● **Records from a data source**:
=== Section Start ===

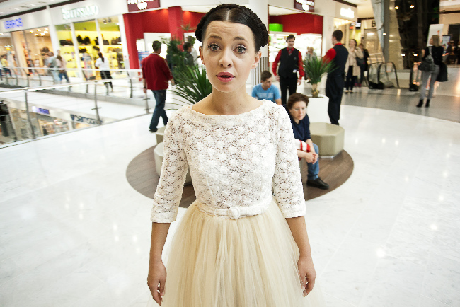 V obchodním centru u Anděla se tak procházeli andělé Kristýna Frejová, Marek Pospíchal a Patrik Děrgel, skrýval se zde Tomáš Kobr jako Netvor z Frankeinsteina, v parfumerii se zase poplašeně líčila svůdná Marilyn Monroe ze hry Parchant Marilyn v podání Zuzany Onufrákové. To Robert Jašków z komedie Řemeslníci se coby fušerský opravář pustil do opravy požárního hydrantu. Filip Čapka společně s Davidem Punčochářem z inscenace Vladimirova děvka přiblížili návštěvníkům syrovou atmosféru hry a lákali návštěvníky do fiktivní divadelní hospody. Mramorovými chodbami se ve svatebních šatech protančila také Martina Krátká jako Nevěsta z inscenace Crash u Potoka, kolemjdoucí udivoval i obezřetně se pohybující Tomáš Pavelka v indiánském kostýmu a na eskalátorech se tiše vozila bledá Paní Smrt v podání Petry Hřebíčkové. Výstava třiadvaceti fotografií je umístěna v prvním patře až do 26. října, autory jsou Patrik Borecký, Michal Hančovský, Alena Hrbková, Alžběta Jungrová, Kateřina Zahradníčková a Robert Vlk, vstup je zdarma.
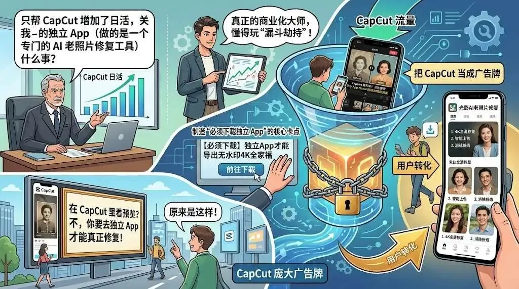 很多老板会问:这只是帮 CapCut 增加了日活,关我的独立 App(比如我做的是一个专门的 AI 老照片修复工具)什么事? 真正的商业化大师,懂得如何玩“漏斗劫持”。
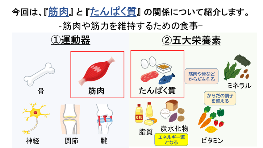 今回は、高齢期に重要な運動器として筋肉に注目し、なかでも加齢に伴い筋肉や筋力が低下するサルコペニアについて取り上げたいと思います。また、筋肉や筋力を維持するために必要な栄養素として、たんぱく質を中心に、日常生活における食事の進め方についてご紹介できればと思います(図1)。
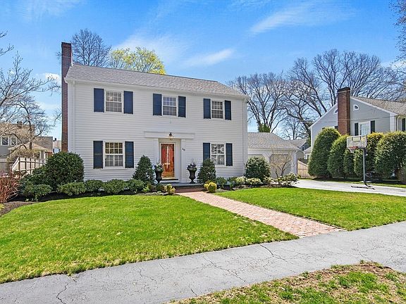 A rare offering of this well-appointed center entrance colonial seamlessly blending elegance & charm, is located on one of the most sought after ladder streets. Upon entering, you're greeted by a generous fireplaced living rm., which flows into a formal dining room. The light infused eat-in kitchen has stainless appliances, granite counters & breakfast area. The fireplaced family room has custom built-ins and overlooks a beautiful semi-private fenced yard, perfect for entertaining & outdoor fun. The primary bedroom addition has a large walk-in & additional closet. There are three other spacious bedrooms with generous closets and a walk-up attic. Many recent enhancements inc.: freshly painted interior & exterior, fence, professional landscaping, kitchen, appliances, refinished hardwood floors, roof, powder room, Viessmann heating system, insulation. This exquisite property is sited on a large, level lot w/ 2 car garage, convenient to Needham Ctr., Pollard, playing fields, shops & Train.
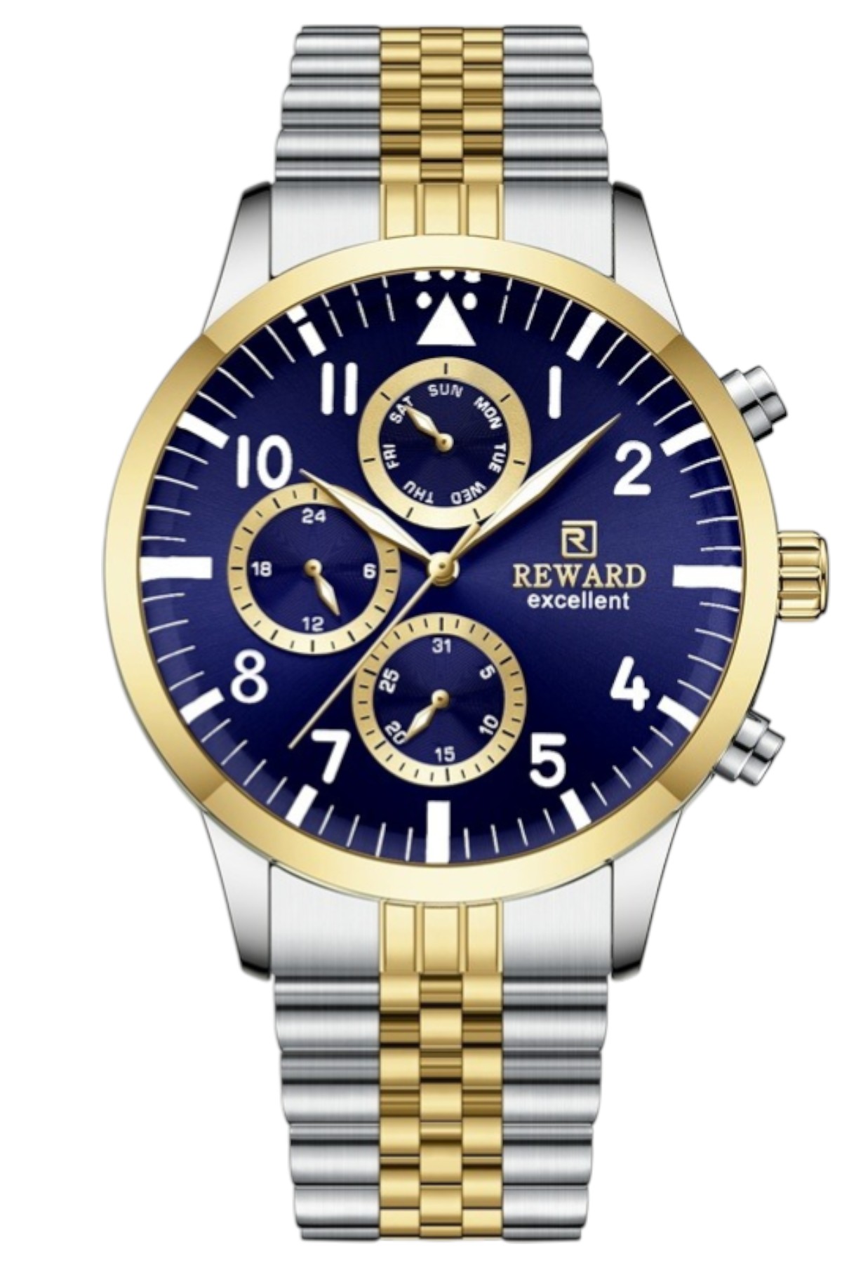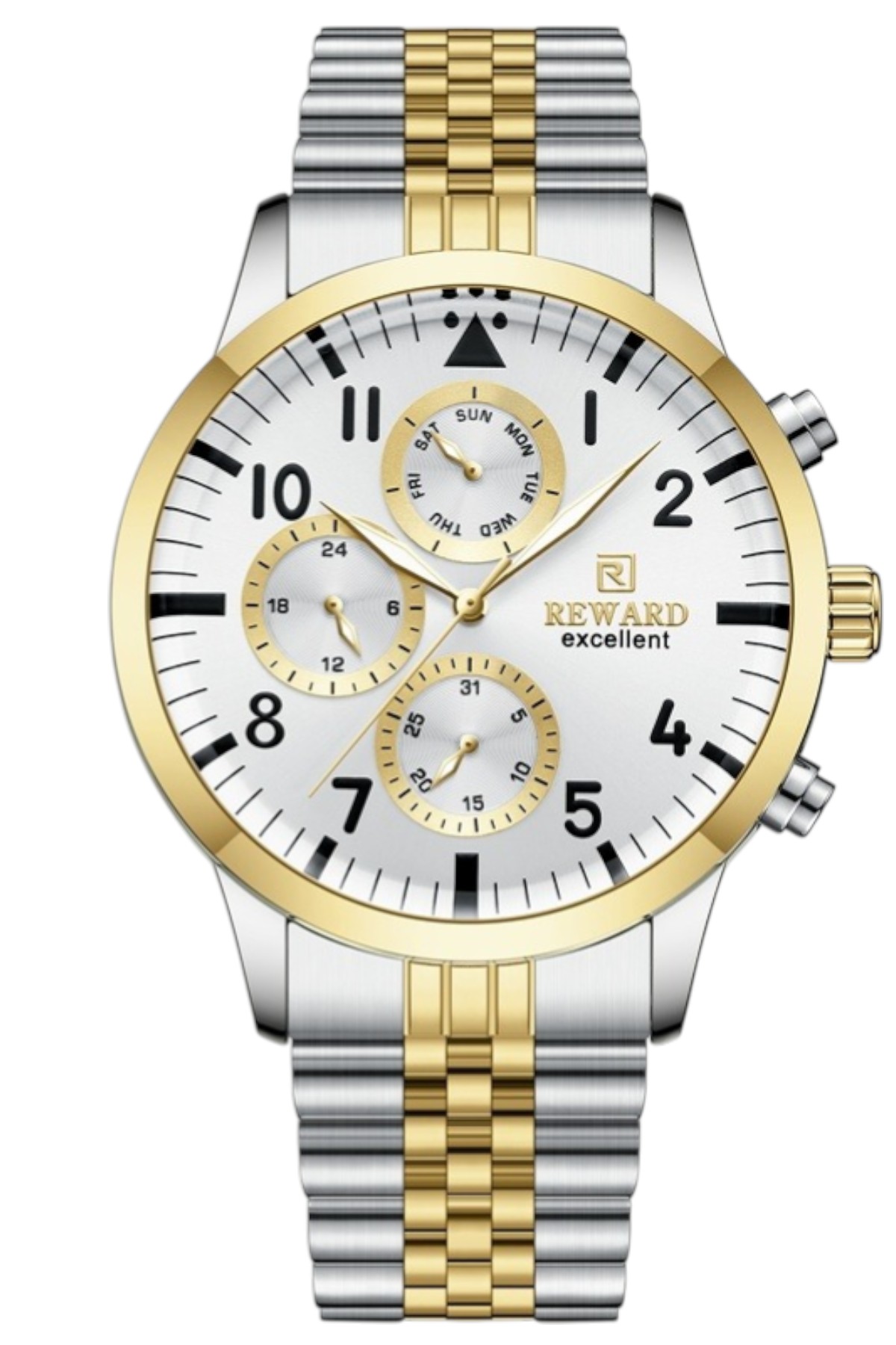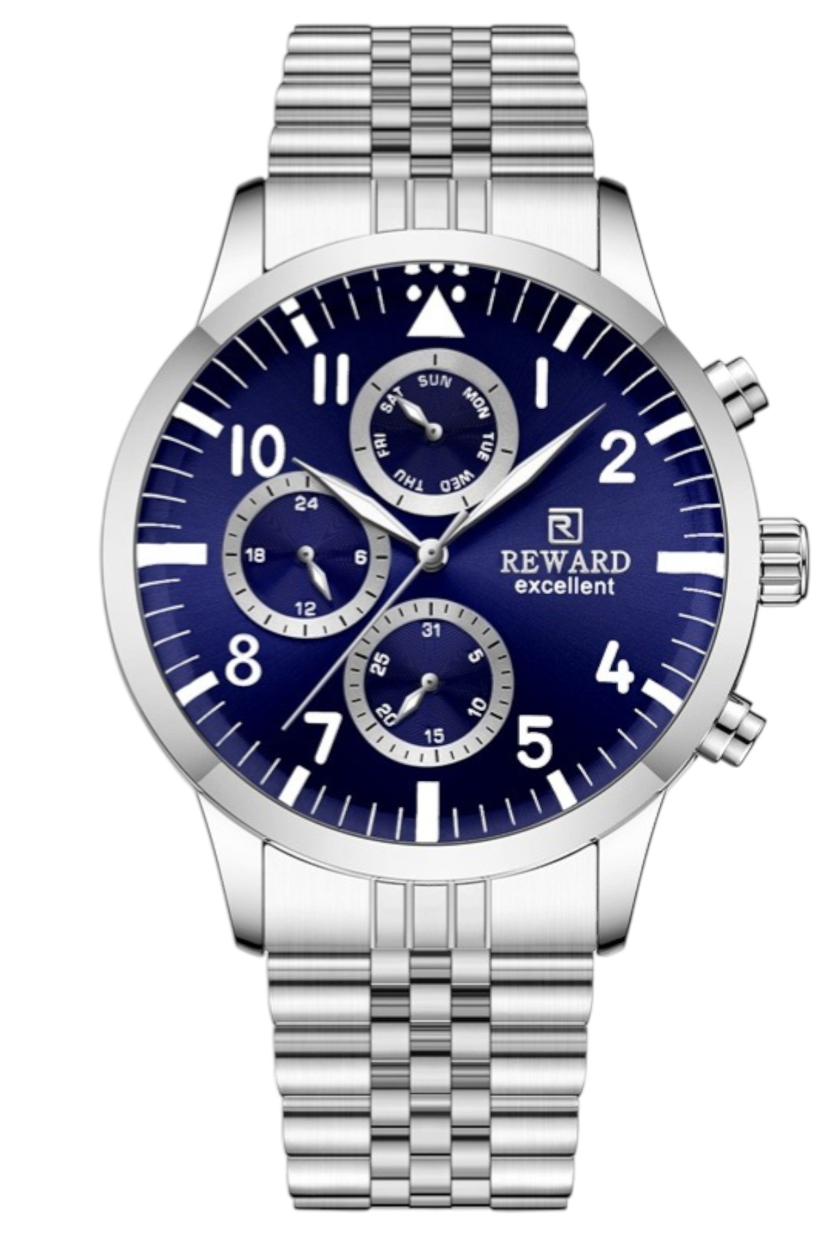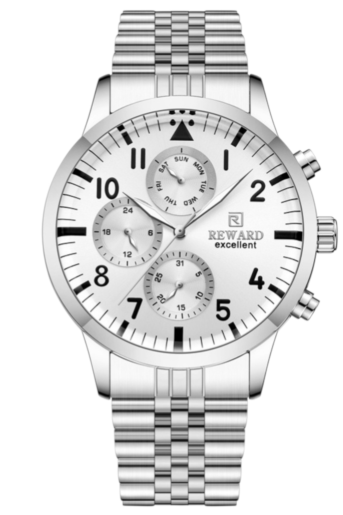 Reward erkek kol saati; günlük kullanımda şıklık ve konforu bir araya getirir.; Ürün Özellikleri: – Mekanizma: Quartz – Kasa Materyali: Çelik (Gümüş) – Kordon Materyali: Çelik (Gümüş) – Kadran Rengi: Siyah – Kasa Çapı: 44 mm – Takvim: Var
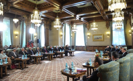 Liderii USL au discutat cu presedintele Traian Basescu la palatul Cotroceni despre reorganizarea judetelor si pe revizuirea Constitutiei. Cei doi lideri din opozitie au cerut alegeri anticipate la sfarsitul acestui an si au propus un guvern tehnocrat.
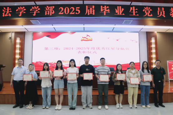 会上对2024 - 2025年度优秀红旗导航员进行了表彰仪式。红星导航员是我院学部党委精心打造的一项特色党建品牌活动,通过严格选派高年级优秀学生党员,与新生班级及寝室结对帮扶,充分发挥高年级学生党员“传帮带”的示范引领作用。多年来,该活动在促进新生养成教育、加强党建带团建等方面成效显著,为学部人才培养和党建工作注入了源源不断的活力。
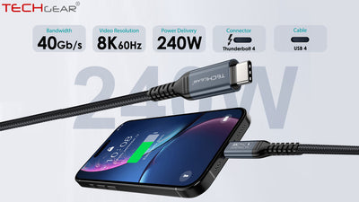 TECHGEAR USB4 Gen 3 (Thunderbolt 4/3) Cable 240W PD3.1 40 Gbps Data 8K Video – E-Marker, Nylon Braided – 0.3 m | 1 m | 2 m
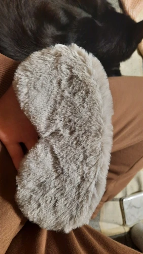 Маска очень нравится. Заказываю второй раз. Мягкая, гладкая, не давит. Я использую меховую часть на глаза. Цвет как на фото продавца. Рекомендую

=== Section End ===

● **Aim of the task**:
Each entry above should be returned exactly as written, minus its pictures.

● **Answer box**:
 V obchodním centru u Anděla se tak procházeli andělé Kristýna Frejová, Marek Pospíchal a Patrik Děrgel, skrýval se zde Tomáš Kobr jako Netvor z Frankeinsteina, v parfumerii se zase poplašeně líčila svůdná Marilyn Monroe ze hry Parchant Marilyn v podání Zuzany Onufrákové. To Robert Jašków z komedie Řemeslníci se coby fušerský opravář pustil do opravy požárního hydrantu. Filip Čapka společně s Davidem Punčochářem z inscenace Vladimirova děvka přiblížili návštěvníkům syrovou atmosféru hry a lákali návštěvníky do fiktivní divadelní hospody. Mramorovými chodbami se ve svatebních šatech protančila také Martina Krátká jako Nevěsta z inscenace Crash u Potoka, kolemjdoucí udivoval i obezřetně se pohybující Tomáš Pavelka v indiánském kostýmu a na eskalátorech se tiše vozila bledá Paní Smrt v podání Petry Hřebíčkové. Výstava třiadvaceti fotografií je umístěna v prvním patře až do 26. října, autory jsou Patrik Borecký, Michal Hančovský, Alena Hrbková, Alžběta Jungrová, Kateřina Zahradníčková a Robert Vlk, vstup je zdarma.
 很多老板会问:这只是帮 CapCut 增加了日活,关我的独立 App(比如我做的是一个专门的 AI 老照片修复工具)什么事? 真正的商业化大师,懂得如何玩“漏斗劫持”。
 今回は、高齢期に重要な運動器として筋肉に注目し、なかでも加齢に伴い筋肉や筋力が低下するサルコペニアについて取り上げたいと思います。また、筋肉や筋力を維持するために必要な栄養素として、たんぱく質を中心に、日常生活における食事の進め方についてご紹介できればと思います(図1)。
 A rare offering of this well-appointed center entrance colonial seamlessly blending elegance & charm, is located on one of the most sought after ladder streets. Upon entering, you're greeted by a generous fireplaced living rm., which flows into a formal dining room. The light infused eat-in kitchen has stainless appliances, granite counters & breakfast area. The fireplaced family room has custom built-ins and overlooks a beautiful semi-private fenced yard, perfect for entertaining & outdoor fun. The primary bedroom addition has a large walk-in & additional closet. There are three other spacious bedrooms with generous closets and a walk-up attic. Many recent enhancements inc.: freshly painted interior & exterior, fence, professional landscaping, kitchen, appliances, refinished hardwood floors, roof, powder room, Viessmann heating system, insulation. This exquisite property is sited on a large, level lot w/ 2 car garage, convenient to Needham Ctr., Pollard, playing fields, shops & Train.
 Reward erkek kol saati; günlük kullanımda şıklık ve konforu bir araya getirir.; Ürün Özellikleri: – Mekanizma: Quartz – Kasa Materyali: Çelik (Gümüş) – Kordon Materyali: Çelik (Gümüş) – Kadran Rengi: Siyah – Kasa Çapı: 44 mm – Takvim: Var
 Liderii USL au discutat cu presedintele Traian Basescu la palatul Cotroceni despre reorganizarea judetelor si pe revizuirea Constitutiei. Cei doi lideri din opozitie au cerut alegeri anticipate la sfarsitul acestui an si au propus un guvern tehnocrat.
 会上对2024 - 2025年度优秀红旗导航员进行了表彰仪式。红星导航员是我院学部党委精心打造的一项特色党建品牌活动,通过严格选派高年级优秀学生党员,与新生班级及寝室结对帮扶,充分发挥高年级学生党员“传帮带”的示范引领作用。多年来,该活动在促进新生养成教育、加强党建带团建等方面成效显著,为学部人才培养和党建工作注入了源源不断的活力。
 TECHGEAR USB4 Gen 3 (Thunderbolt 4/3) Cable 240W PD3.1 40 Gbps Data 8K Video – E-Marker, Nylon Braided – 0.3 m | 1 m | 2 m
 Маска очень нравится. Заказываю второй раз. Мягкая, гладкая, не давит. Я использую меховую часть на глаза. Цвет как на фото продавца. Рекомендую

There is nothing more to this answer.